“Our lives are a fragrance presented by Christ to God.” (2 Corinthians 2:15)
Sauteing onions. Anything tropical. Blankets dried outside. All smells I enjoy. Each one brings to mind a pleasant thought or memory. My favorite aroma, though, is coffee. It draws me in, and I find great comfort in its fragrance.
Those closest to me, and even many not so close for that matter, know I love coffee. They know it makes me a happier person, especially in the morning. I blame my mom. She began the addiction when I was 13 by bringing it to me every morning when she woke me up for school.
My husband and others closest to me also know the coffee must be high quality.
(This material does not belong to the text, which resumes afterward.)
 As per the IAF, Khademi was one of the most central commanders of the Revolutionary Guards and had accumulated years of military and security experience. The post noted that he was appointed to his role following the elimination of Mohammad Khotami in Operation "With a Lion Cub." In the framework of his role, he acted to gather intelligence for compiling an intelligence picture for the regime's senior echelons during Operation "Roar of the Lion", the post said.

Don’t waste my time with the cheap stuff or if the coffee’s been sitting for a while and has that burnt, bitter smell — and putrid taste — to it.
My pickiness with the coffee led my husband to affectionately label me a “coffee snob.” If coffee doesn’t smell fresh and isn’t of high quality, I want nothing to do with it. Actually, much of the not-so-cheap stuff doesn’t meet my standards either.
A Sweet Fragrance
I wonder if my fragrance as a Christian draws people in like I’m drawn by the smell of good coffee or if it wrinkles noses like when I run into the aroma of sub-par or stale coffee. Are people repelled or drawn by my fragrance? Am I a “sweet, life-giving perfume” or a “hukster” unconcerned with quality (2 Corinthians 2:14-17)?
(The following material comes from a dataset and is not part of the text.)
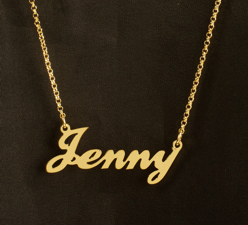 This nameplate features a beautiful script font and is uniquely made just for you. The ever popular nameplate necklace resurfaced on Carrie Bradshaw (Sarah Jessica Parker), as seen on Sex In The City. This great nameplate necklace measures approximately 1.5" long x 1/2" high.
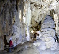 Scoperta nel 1984, ha subito animato entusiasmi e curiosità per la sua straordinaria bellezza. L’ingresso, immette in un’ È lunga 2.500 Matri e l'ingresso ci porta nell' ampia galleria lunga circa 400 metri, caratterizzata dalla presenza di straordinarie concrezioni candide di varia forma e struttura. Deve la sua importanza al ritrovamento nel suo interno delle ossa del palco di un cervo del pleistocene di notevole interesse paleontologico e di monete romane del IV-V sec. d.C. e del XV secolo. La cavità datata a più di 800.000 anni fa. Nell'anno 2024 ricorrono i 40 anni dalla scoperta dell'ingresso dopo un lungo studio di ricerca ed esplorazione sul posto, di 14 ricercatori speleologi romani chiamati " I 14 dell'Ovito" Le spettacolari concrezioni della Grotta del Cervo a Pietrasecca di Carsoli, le magnifiche colate di calcite bianca che ornano da secoli queste spettacolari cavità, sono visitabili tutti i weekend dell'anno e da Luglio a Settembre tutti i giorni. Sono disponibili tre livelli di percorso, facile L1, allagato L2 e speleologico. Ai visitatori è messa a disposizione l'attrezzatura per entrare: caschetto con luce frontale, guanti (percorso L1) mentre per il percorso allagato anche gli stivali gommati. Le visite si effettuano accompagnati da una guida ambientale esperta. La Riserva Naturale Speciale Grotte di Pietrasecca è la prima riserva che tutela un ambiente ipogeo e considerata Sito di Interesse Comunitario per il patrimonio Abruzzese.

Even more importantly, what does God think about my aroma? He certainly desires to use every detail of our lives to illustrate his truth, to let his glory show through us (Colossians 3:17). He also uses that which we find appealing and that which repels us to help us better understand his desires for our living in relationship with him and with others, to help us understand the impact of our aroma.
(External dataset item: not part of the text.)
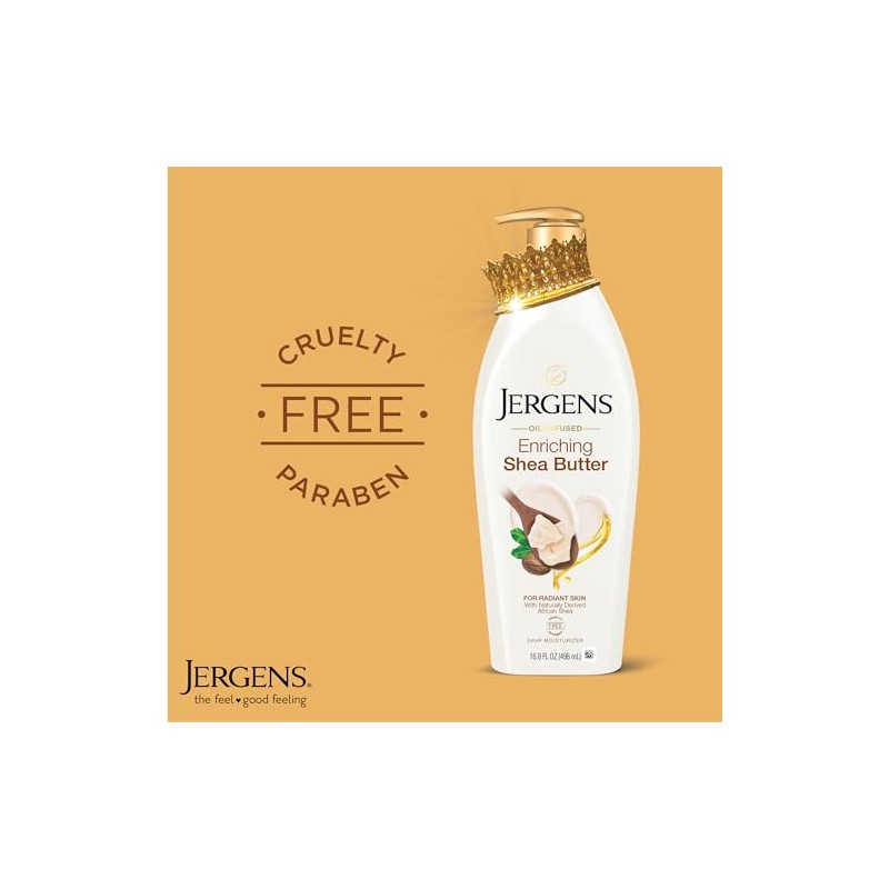 Jergens Shea Butter Body Lotion, Deep Conditioning Moisturizer, Hydration for Dry to Very Dry Skin, with Pure Shea Butter, 3X More Radiant Skin, Dermatologist Tested, 16.8 oz

Even coffee, which a person usually either loves or hates, can show Scripture application in a way that not only sticks but that finds us regularly. For me, coffee provides a daily reminder to check my aroma, to determine whether or not I am appealing to others, to ask myself, “Do I have an aroma that pleases God and draws others to His grace and mercy or that repels them toward the world?”